Europe imports some 90 percent of its oil and 70 percent of gas. Overall, the EU accounts for 27 percent of global oil imports, which is estimated at 300 billion euros a year. At the same time, over 85 percent of the EU’s long-term energy contracts are denominated in US dollars, although only 2 percent of energy resources are delivered from the United States. The bulk of oil and gas is delivered to Europe from Russia (34 percent), while the Middle East and Africa together deliver 33 percent and Norway 20 percent of oil and gas.
Historically, the US dollar is the main currency of international trade and global financial reserves. In 1974, the dollar also became the main currency for oil transactions, following which all of the raw materials and commodity markets turned into dollar-based financial markets.
This means that any unilateral US steps taken with regard to the jurisdiction of other countries, along with trade wars and the erosion of the foundations of international trade regulation can halt or hinder trade, including in energy.
The threat of sanctions against the European companies parties to the Nord Stream 2 project and the risk of US secondary sanctions against the European energy companies that are cooperating with Iran and Russia have forced the EU to ponder the creation of alternative settlement systems and the use of the euro as the contract currency, if only to ensure a safe energy supply.
A large share of Russian energy exports are paid for in US dollars, whereas all dollar accounts of Russian companies are controlled by the US authorities, and the Countering America’s Adversaries Through Sanctions Act adopted in 2017 allows freezing the assets of Russian banks and oil and gas companies, as well as pressuring Russian companies’ counteragents in US-allied countries.
In this situation, Russia must urgently convert to euro settlements with the EU, which also wants to strengthen the role of the euro in trade.
In addition, the domination of the US dollar is an opportunity to collect revenue from across the world and an instrument of US control over the global financial system and the economic processes. The “America first” principle means primarily that even NATO allies are no longer regarded as partners but as rivals the United States will compete with to protect its interests.
However, challenging the US dollar, the national currency of a country whose gross domestic product is worth $20.7 trillion and imports from around the world amount to $2.9 trillion, is an almost impossible goal even for the EU. The EU can only attain it by joining forces with all its trade and foreign economic partners, primarily Russia, the Middle East and China.
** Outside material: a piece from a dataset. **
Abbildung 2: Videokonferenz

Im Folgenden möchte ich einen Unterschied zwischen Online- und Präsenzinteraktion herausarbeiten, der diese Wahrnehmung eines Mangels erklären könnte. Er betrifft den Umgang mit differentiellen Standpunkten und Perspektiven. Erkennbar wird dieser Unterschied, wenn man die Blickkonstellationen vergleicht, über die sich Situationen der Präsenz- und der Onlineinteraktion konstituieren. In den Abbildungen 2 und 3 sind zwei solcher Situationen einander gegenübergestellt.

The EU’s gross domestic product is estimated at $18.8 trillion, and its banking assets are worth one-third of the US bank assets. This seems to be enough to convert part of the EU’s international settlements to the euro. The financial sovereignty of national economies can be only revived through the regionalization of financial transactions and the settlement of contracts in the currencies of states and the associations of states whose economic weight is comparable to that of the United States.
But there are at least five obstacles hindering the euroization of trade. The first and largest of them is US resistance, because this would prevent using dollar accounts as an instrument of sanctions pressure on countries and companies, and could also reduce international investors’ interest in US assets, primarily treasury bonds, against the backdrop of a record-high US sovereign debt and the need for its regular refinancing. The second obstacle is the absence of benchmarks and basic exchange traded contracts, including oil deals, denominated in the euro. The third obstacle is the insufficient size of the European financial market and the volume of quality euro denominated liquid assets in which central banks’ dollar reserves and financial capital can be invested. Fourth, the EU has not yet created a fully European clearing system or a European equivalent of the SWIFT system. And the fifth obstacle is the complicated system of decision making in the EU countries, which can draw out and complicate things.
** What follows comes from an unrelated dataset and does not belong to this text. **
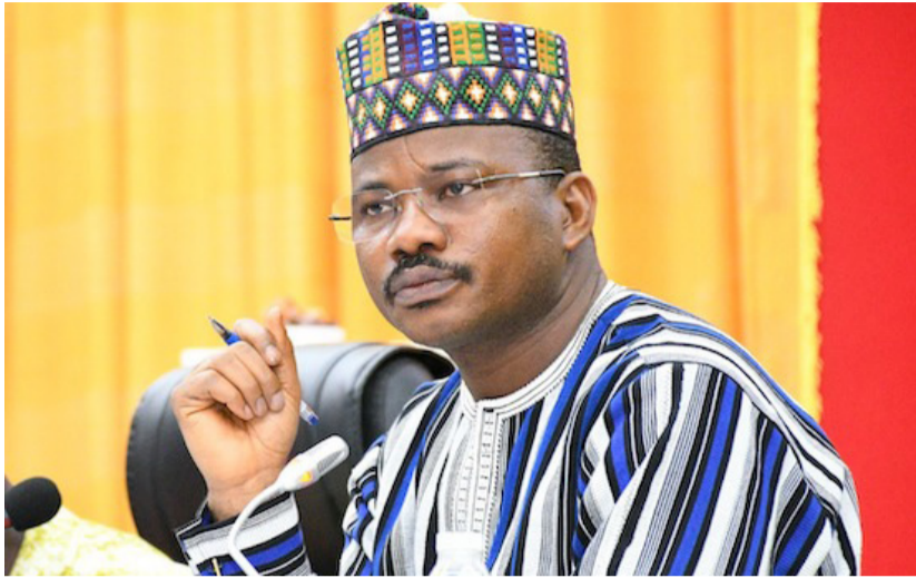
Le président du CNT, Dr Dansa Kourouma, a livré un message après l'adoption de la nouvelle constitution en république de Guinée. Lisez...

« Le projet de nouvelle Constitution, soumis au référendum, a été adopté avec un taux de participation remarquable de 86,42 %. Sur l'ensemble des suffrages exprimés, 5 135 951 Guinéennes et Guinéens, soit 89,38 %, ont choisi de voter OUI, tandis que 610 376 électeurs, représentant 10,62 %, se sont prononcés pour le NON. Suite à la validation des résultats par la Cour suprême ce vendredi 26 septembre, le Président de la République a promulgué, par décret, la nouvelle Constitution. De tels taux de participation et d'adhésion constituent un élan d'espoir pour la Guinée. C'est pourquoi, en ce jour mémorable pour notre pays, mes pensées premières s'élèvent vers Dieu, le créateur, l'omnipotent, l'omniscient et l'omniprésent, qui, dans son infinie sagesse, nous a permis de vivre cet instant historique. C'est avec une profonde gratitude que je rends grâce pour la force, l'inspiration et la clairvoyance qu'il nous a accordées tout au long de ce processus décisif pour l'avenir de notre pays. Je voudrais exprimer ma recon-

Practice shows that Europe will not engage in a direct conflict with the United States if there is a risk of secondary sanctions threatening the EU’s economy and the possibility of US military and political measures restricting the independence of its allies.
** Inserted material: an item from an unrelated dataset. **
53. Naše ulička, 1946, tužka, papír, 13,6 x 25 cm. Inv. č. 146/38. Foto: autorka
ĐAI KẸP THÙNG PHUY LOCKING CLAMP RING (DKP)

However, the euroization is unavoidable even despite major obstacles. The replacement of globalization with regionalization, the ongoing changes in the global economy and the creation of new technologies will lead to a rapid development of a diversified multipolar system based on several global currencies. Since there is a general interest in this new financial and economic architecture, the EU’s efforts to remove its vulnerabilities and attain financial sovereignty will also facilitate its rapprochement with Russia.